Problem details:
Every line below from the one containing "쫄보라서 멘토스 3개만 넣어 봤어요." through the one containing "Day Scalp Serum" is to be printed exactly, with the pictures omitted.

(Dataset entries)
Start of Block
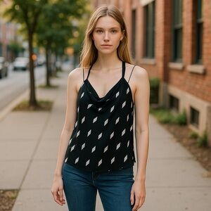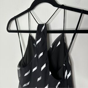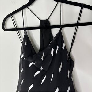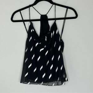 This elegant camisole from Alice + Olivia features a striking black and white design with an asymmetrical cut. The sleeveless, backless style offers a modern and sophisticated look, perfect for making a statement. Its flowing fit and thin straps add a touch of grace to any outfit.
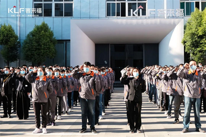 首先進(jìn)行的是升國(guó)旗奏國(guó)歌儀式,客來(lái)福家居作為民族企業(yè),始終堅(jiān)決地將愛(ài)國(guó)擁黨作為企業(yè)發(fā)展的首位。在飄揚(yáng)的旗幟下,客來(lái)福全員進(jìn)行企業(yè)價(jià)值觀宣讀,客來(lái)福家人們將通過(guò)不懈努力和精進(jìn)合作,實(shí)現(xiàn)品牌發(fā)展的美好愿景。
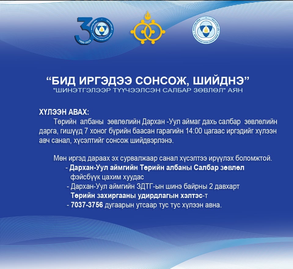 ТАСЗ-ИЙН ДАРГА, ГИШҮҮД ИРГЭДЭЭС ИРҮҮЛСЭН САНАЛ, ХҮСЭЛТИЙГ ХҮЛЭЭН АВЧ ШИЙДВЭРЛЭНЭ
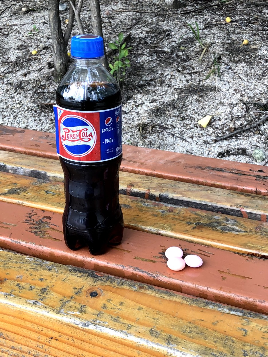 쫄보라서 멘토스 3개만 넣어 봤어요.
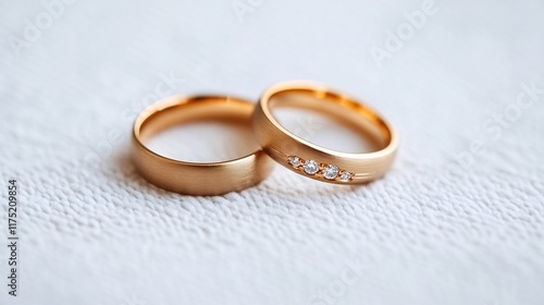 Elegant Gold Wedding Rings on Soft White Surface Symbolizing Marriage Bond and Commitment
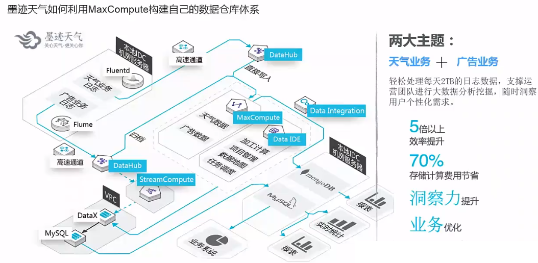 基于阿里云数加搭建大数据仓库的整个业务流程如下所示:
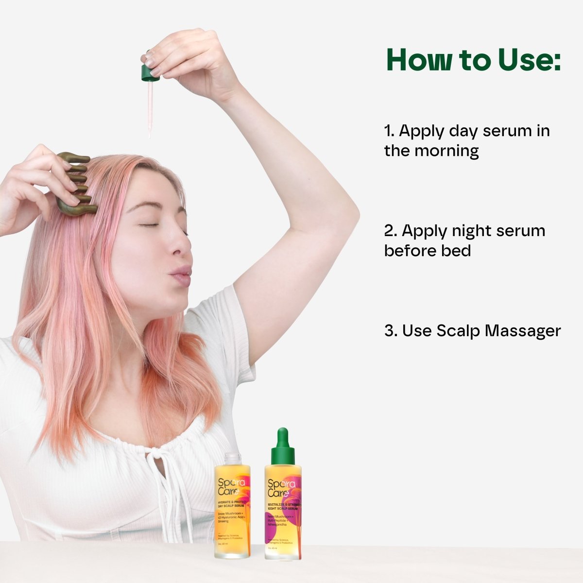 Day Scalp Serum (60 ml) + Night Scalp Serum (60 ml) + Free Sandalwood Scalp Massager
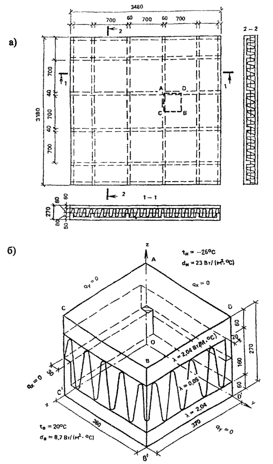 Список литературы1. Фокин К.Ф. Строительная теплотехника ограждающих частей зданий. Стройиздат, М., 1973, стр. 52 - 53. 2. Расчет и проектирование ограждающих конструкций зданий. Справочное пособие к СНиП. Стройиздат, М., 1990, стр. 196 - 220. ПРИЛОЖЕНИЯПриложение АМетодика определения приведенного сопротивления теплопередаче ограждающих конструкций на основе расчета температурных полейА.1. Ограждающую конструкцию разбивают на расчетные (двухмерные или трехмерные в отношения распределения температур) участки. А.2. При определении сопротивления теплопередаче Ro, м2 · °С/Вт, по данным расчета на персональном компьютере (ПК) стационарного двухмерного температурного поля различают два случая: а) Исследуемая область, выделенная для расчета температурного поля, представляет собой фрагмент ограждающей конструкции, для которого надлежит определить величину Ro. б) Исследуемая область, для которой рассчитывается температурное поле, меньше по размеру, чем анализируемый фрагмент ограждающей конструкции. В первом случае искомая величина Ro вычисляется по формуле: Ro = (tint - text) L / ΣQ (А.1) где ΣQ - сумма тепловых потоков, пересекающих исследуемую область, Вт/м2, определенная в результате расчета температурного поля; tint и text - соответственно температура внутреннего и наружного воздуха, °С; L - протяженность, м, исследуемой области. Во втором случае Ro определяют по формуле: Ro = (tint - text) L / [ΣQ + (tint - text) Lcon / Rocon] (А.2) где Lcon - протяженность, м, однородной части фрагмента ограждающей конструкции, отсеченной от исследуемой области в ходе подготовки данных к расчету температурного поля; Rocon - сопротивление теплопередаче однородной ограждающей конструкции, м2 °С. А.3. При расчете двухмерного температурного поля выбранный участок вычерчивают в определенном масштабе и на основании чертежа составляют схему расчета, упрощая ее для удобства разбиения на участки и блоки. При этом: а) заменяют сложные конфигурации участков, например криволинейные, более простыми, если эта конфигурация имеет незначительное влияние в теплотехническом отношении; б) наносят на чертеж границы области исследования и оси координат (x, y или r, z). Выделяют участки с различными теплопроводностями и указывают условия теплообмена на границах. Проставляют все необходимые размеры; в) расчленяют область исследования на элементарные блоки, выделяя отдельно участки с различными коэффициентами теплопроводности. Вычерчивают в масштабе схему расчленения исследуемой области и проставляют размеры всех блоков; г) вычерчивают область исследования в условной системе координат x′, y′, когда все блоки принимаются одного и того же размера. Проставляют координаты вершин полигонов, ограничивающих участки области с различными теплопроводностями, и координаты вершин многоугольников, образующих границы исследуемой области. Нумеруют участки и границы исследуемой области и подписывают вершины областей теплопроводностей, температур (или тепловых потоков) на границах или окружающего воздуха и коэффициентов теплоотдачи; д) пользуясь двумя чертежами, выполненными по пп. «в» и «г», и руководствуясь стандартной (обычной) последовательностью расположения, составляют комплект численных значений исходных данных для ввода в ПК. Пример расчета 1 Требуется определить приведенное сопротивление теплопередаче трехслойной мет
End of Block
Completed task:
 쫄보라서 멘토스 3개만 넣어 봤어요.
 Elegant Gold Wedding Rings on Soft White Surface Symbolizing Marriage Bond and Commitment
 基于阿里云数加搭建大数据仓库的整个业务流程如下所示:
 Day Scalp Serum (60 ml) + Night Scalp Serum (60 ml) + Free Sandalwood Scalp Massager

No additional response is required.